Note that the present invention is not limited to the embodiments described above. That is, in the embodiment, the gasket 32 is interposed between the joint surfaces of the cover 30 and the fixing element 18 to maintain the airtightness of the joint, but the gasket can be omitted by mirror-finishing both joint surfaces. You may also do so. In addition, in the embodiment, a panful plate 3 is provided in the high pressure chamber
3 are arranged horizontally so that the baffle plate 33 can perform the medical function as a gas-liquid separator, but the gas-liquid separator is not limited to such a configuration.

Furthermore, in the embodiment, the scroll-type pressure mechanism is placed above and the motor is placed below, but the present invention is not limited to this, and the motor is installed with its axial center line horizontal. Of course, it can also be applied to things that are done.

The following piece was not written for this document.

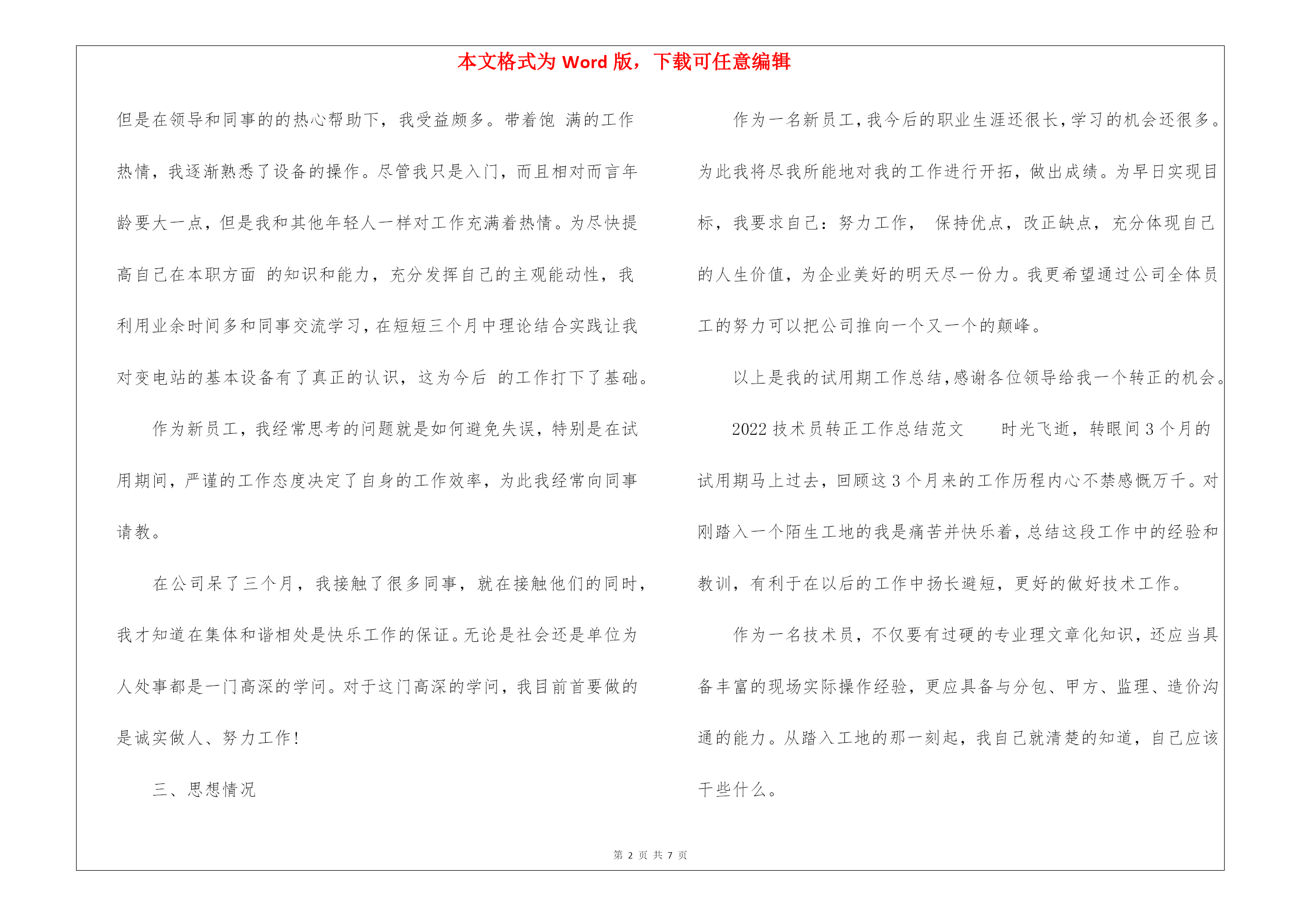 本文格式为Word版,下载可任意编辑第PAGE\*MERGEFORMAT7页共NUMPAGES\*MERGEFORMAT7页2022技术员转正工作总结4篇2022技术员转正工作总结范文4篇总结必须有情况的概述和叙述,有的比较简单,有的比较详细。下面是2022技术员转正工作总结范文4篇,一起来看一下吧。2022技术员转正工作总结范文进公司以来,本人尊敬领导,与同事关系融洽。为尽快进入工作角色,本人自觉认真学习本公司、本部门、本岗位的各项制度、规则,严格按照公司里制定的工作制度开展工作。在这近三个月的工作和学习中,接触了不少人和事,在为自己的成长欢欣鼓舞的同时,我也明白自己尚有许多缺点需要改正。工作以来,在领导的教导和培养下,在同事们的关心和帮助下,自己的思想、工作等各方面都取得了一定的成绩,个人综合素质也得到了一定的提高,现将这三个月来的个人工作总结如下:一、工作情况怀着对生活的无限憧憬,我进入了林洋公司。在试用期的工作中,一方面我严格遵守公司的各项规章制度,不迟到、不早退、严于律己,自觉的遵守各项工作制度;另一方面,吃苦耐劳、积极主动、努力工作;在完成领导交办工作的同时,积极主动的协助其他同事开展工作,并在工作过程中虚心学习以提高自身各方面的能力;工作细节中,我看到公司正逐步做大做强,以目前的趋势,我可以预见公司将有一个辉煌的明天。作为新员工,目前我所能做的就是努力工作,让自己在平凡的岗位上挥洒自己的汗水,焕发自己的热情;使自己在基层得到更多的锻炼。二、学习情况现在是我努力学习的阶段。三人行,必有我师,公司中的每一位同事都是我的老师,他们的丰富经验和工作行为对于我来说就是一笔宝贵的财富。记得我刚到公司的时候,对生产线上的一切都感到陌生而新奇。因为我之前没有过类似的工作经验,所以知道的也有限,但是在领导和同事的的热心帮助下,我受益颇多。带着饱满的工作热情,我逐渐熟悉了设备的操作。尽管我只是入门,而且相对而言年龄要大一点,但是我和其他年轻人一样对工作充满着热情。为尽快提高自己在本职方面的知识和能力,充分发挥自己的主观能动性,我利用业余时间多和同事交流学习,在短短三个月中理论结合实践让我对变电站的基本设备有了真正的认识,这为今后的工作打下了基础。作为新员工,我经常思考的问题就是如何避免失误,特别是在试用期间,严谨的工作态度决定了自身的工作效率,为此我经常向同事请教。在公司呆了三个月,我接触了很多同事,就在接触他们的同时,我才知道在集体和谐相处是快乐工作的保证。无论是社会还是单位为人处事都是一门高深的学问。对于这门高深的学问,我目前首要做的是诚实做人、努力工作!三、思想情况作为一名新员工,我今后的职业生涯还很长,学习的机会还很多。为此我将尽我所能地对我的工作进行开拓,做出成绩。为早日实现目标,我要求自己:努力工作,保持优点,改正缺点,充分体现自己的人生价值,为企业美好的明天尽一份力。我更希望通过公司全体员工的努力可以把公司推向一个又一个的颠峰。以上是我的试用期工作总结,感谢各位领导给我一个转正的机会。2022技术员转正工作总结范文时光飞逝,转眼间3个月的试用期马上过去,回顾这3个月来的工作历程内心不禁感慨万千。对刚踏入一个陌生工地的我是痛苦并快乐着,总结这段工作中的经验和教训,有利于在以后的工作中扬长避短,更好的做好技术工作。作为一名技术员,不仅要有过硬的专业理文章化知识,还应当具备丰富的现场实际操作经验,更应具备与分包、甲方、监理、造价沟通的能力。从踏入工地的那一刻起,我自己就清楚的知道,自己应该干些什么。首先,我要对图纸有一个透彻的理解,做到工人看不到的我能看到,图纸中的重点难点做好交底,对应提的配电箱做好具体的统计;其次,对前阶段干的工程有个细致的了解,包括资料、现场、材料等,重点查处楼里有毛病、错误的地方,并做详细的记录;再者,对材料计划的提取,做到省钱但不违反规范、图纸要求,掌握现场材料,并计算出以后将用的材料,配管及防雷马上结束,争取做到不浪费,不过多剩余;最后,与分包、甲方、监理、造价沟通,做到不卑不亢,合理的地方按要求做,不合理的地方,坚决提出,与分包做好配合,干好主楼的同时干好现场临电,与甲方勤沟通,做好应变的准备,与造价据理力争,不错过应拨给的每一分钱。在现场的每个人都是我的老师,朋友,虽然他们也许没有一定的专业文化知识,但是他们的施工经验却比我丰富,阅历比我丰富,对生活、工作上给予我很大的帮助及肯定,帮助我迅速的适应这里的工作、学习、生活;公司里又有总工,专业上遇到不明白的,含糊的多请教,确实也让自己学到了好多,遇到问题多想多问,绝对不会不懂装懂。通过这几个月的工作,也找出自己在工作中的不足,首先自己的专业知识还是相对欠缺,其次在沟通能力及一些特殊的情况处理方面还是缺乏相关的经验。所以在以后的

[Brief explanation of drawings]

FIG. 1 is a vertical sectional view of a scroll type compression device according to an embodiment of the present invention, FIG. 2(a) is a bottom view of a fixing element in the same device, and FIG. Figure 3 is a cross-sectional view of the installation condition taken along line A and viewed in the direction of the arrow.
a) is a top view of the movable elements in the device;
) is a sectional view taken along line B-B in (a>), Figure 4 is a partially cutaway exploded perspective view showing only the upper part of the frame of the same device, and Figure 5 is a main part of the Oldham mechanism in the same device. A plan view, FIG. 6 is a diagram for explaining the shape of the keyway of the Oldham mechanism, FIG. 7(a) is a top view of the thrust force reduction structure incorporated in the same device, and FIG. A view taken along line C-C in (a), and (C) is a diagram for explaining the shape of a seal ring incorporated in the mechanism. 11... Airtight case, 14... Frame, 15...
・Scroll type compression binding mechanism, 16...Motor, 17...
・Status lubricant, 18...Fixed element, 19...Movable element,
22.27...Scroll blade, 23...Discharge port, 3
o...Cover for high pressure seedling formation, 32...Gasket, 36...Discharge pipe, 4o...Oldham Isogaku, 51...
... Bearing hole, 70 ... Rotating shaft, 73 ... Secondary bearing, 9
0... Hole for centrifugal pump, 100... Rotor, 10
1... Stator, 111... Suction pipe, X... High pressure chamber, Y... Low pressure seedling. Applicant's agent Patent attorney Takehiko Suzue @4 Figure 5 Figure 61ZI Figure 7 (a)

Claims (3)

[Claims] (1) A sealed case containing lubricating oil at the bottom, a frame provided to partition the inside of the sealed case into a first and a second chamber, and a frame that is connected to each other in the axial direction to create a space between them. It is composed of a fixed element and a movable element each having a shape constituting a compression chamber and each having scroll blades that engage with each other within the compression chamber, and the fixed element and the frame are arranged in the first chamber. a scroll-type compression mechanism in which the movable element is positioned between, and the fixed element is fixed to the frame; a motor provided in the second chamber; and the movable element powered by the motor. Scroll-type compression means for performing gas compression by making a whirling motion without rotation, and the high-pressure gas compressed in the compression chamber is discharged from a gas discharge port provided in the fixed element. In the apparatus, the first chamber is airtightly fixed to the outer surface of the fixing element, and together with the outer surface, a high-pressure chamber is formed that statically pressures the gas discharged from the discharge port and sends it out of the sealed case. A scroll type compression device characterized by being provided with a cover for forming a high pressure chamber. (2) The scroll type compression device according to claim 1, wherein a gasket is inserted between a joint surface where the high pressure chamber forming cover and the outer surface of the fixing element join. (3) The scroll-type compression device according to claim 1, wherein the joint surfaces of the high-pressure chamber forming cover and the fixing element are mirror-finished.